My lower jaw felt rigid. ‘What happened?’ My tongue felt artificial in my mouth, forming the words and pushing them out like some kind of manufacturing machine.

‘Pure guesswork here, but I’m thinking . . . what? You saw Scarlet and it threw you back to the last time you saw someone lying in a hospital bed all connected up? I mean, I never really found out the details, y’know, seemed bad taste and your mum just kind of outlined it for me but . . . Christ!’ He passed one hand around under his hair again, as though holding his head on. The other hand cupped his forehead. ‘Christ.’

I saw his face crumble, his hand come down to cover his expression as though he was hiding from me.

‘Daisy—’

‘Don’t make me do this, Win.’ Deep breaths; Dan was trying to control himself. ‘Please. It’s that night all over again. I love you, so fucking much, and I can’t watch you doing this, pretending, amnesia, some fugue state, whatever . . . I can’t. It destroys me. Every time you say her name you’re admitting that I’m not enough, that you have to keep that memory in your head to turn to, and I . . .’ A broken noise of a sob interrupted, not allowed to do its job. ‘. . . and I’m nowhere.’

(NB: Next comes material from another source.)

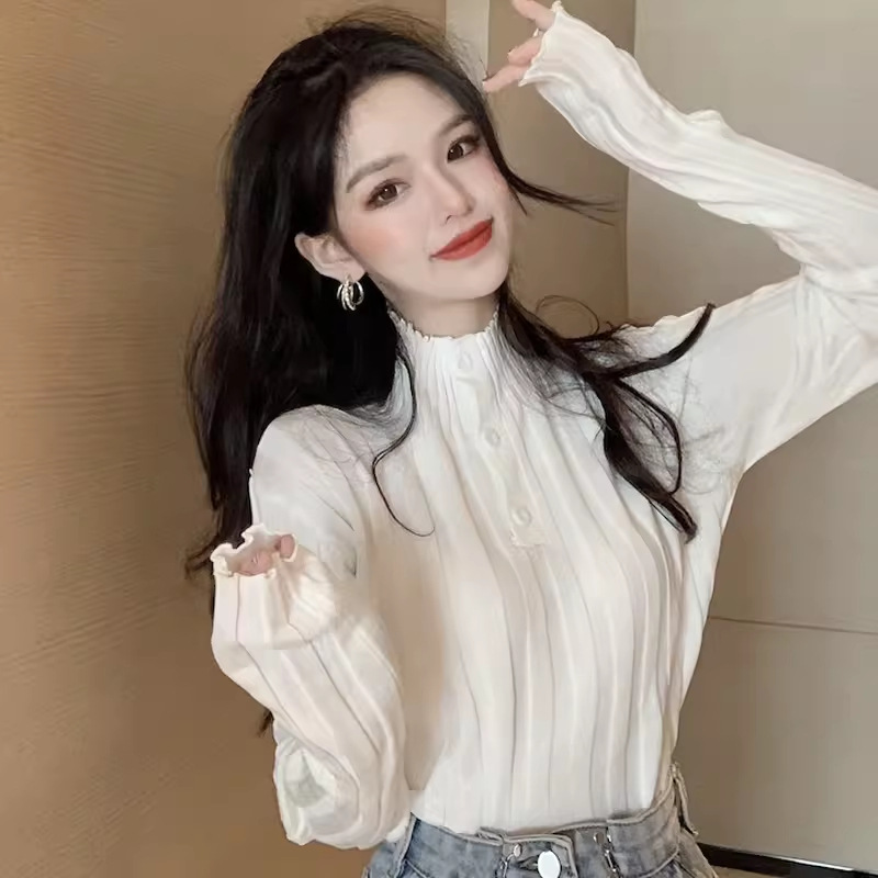 ギャルのセクシーな白い半高襟の底のシャツのtシャツの秋冬の中は2024年の新型のニットの長袖の上着を掛けます。

‘She’s my twin sister.’ The fragments that were what my soul had once been were piercing my heart at the sight of him. Gorgeous, chaotic Daniel. Now the chaos was gone. Had wheeled down through entropy into decay.

‘Yeah, and what happened to Beth . . . that’s why I came. That’s what made me realise what you went through, what you were still going through; my sister was so ill, and if anything had happened, if she’d . . . if she’d died, I would have done anything to keep her alive. Anything. And I sat by her bedside and held her hand and I willed her to stay with us. And finally I realised where you’d been coming from. You kept your sister alive, Win, you kept her with you. I saw that, I saw how you kind of sheared off part of who you were, and you put it into Daisy. Twins, yeah? Two parts of the same whole. She was your other half, and you couldn’t let that half go, you didn’t think you could make it on your own so you kept her. And you’re writing books about death and graveyards because you’re trying to give a voice to the dead in every way you can think of because you can’t face the fact that she’s gone.’

He stopped suddenly, as though he’d been talking on a breath that had finally run out. His expression was exactly the same as it had been that night on the bridge, when he’d finally told me that he knew. My thirtieth birthday had been coming up fast, he wanted to organise a big party — friends, family. He’d found my mother’s phone number in my contacts list and called her. Asked her how to get in touch with Daisy.

We’d been walking along the Embankment in the late spring warmth, arms around one another, and I’d looked up at him, my lovely, dark, anarchic Daniel. He’d stopped. Turned against the bridge and said he had something to discuss. I, stupid, romantic in my new feelings for him, had imagined a book conversation or — my heartbeats rising to match my pulse — some kind of commitment. A flat together, a house . . . And then those slow, measured words, spat into the water. She’s been dead all the time you’ve known me.

Daisy and I were at home. She said she didn’t feel well, she’d been off colour for days, we were heading upstairs so I could tuck her up in bed. And then she fell, dropping at my feet like an elegant bird and I was screaming and there were ambulances and hospitals and the long days and nights until there was no more hope.

But Daisy was part of me as I was part of her. I could no more exist without her than I could . . . I could . . .

‘I love her, Dan.’ It felt like hooks were attaching themselves to my insides, dragging them upwards. ‘I love her.’ And here came the grief, the sorrow that I never allowed because it would mean admitting she was truly gone. It poured up through me as though their source lay behind my heart rather than in my head. She’s never gone if I won’t let her be. I can hold her, I know how she thinks, how she speaks, she is me.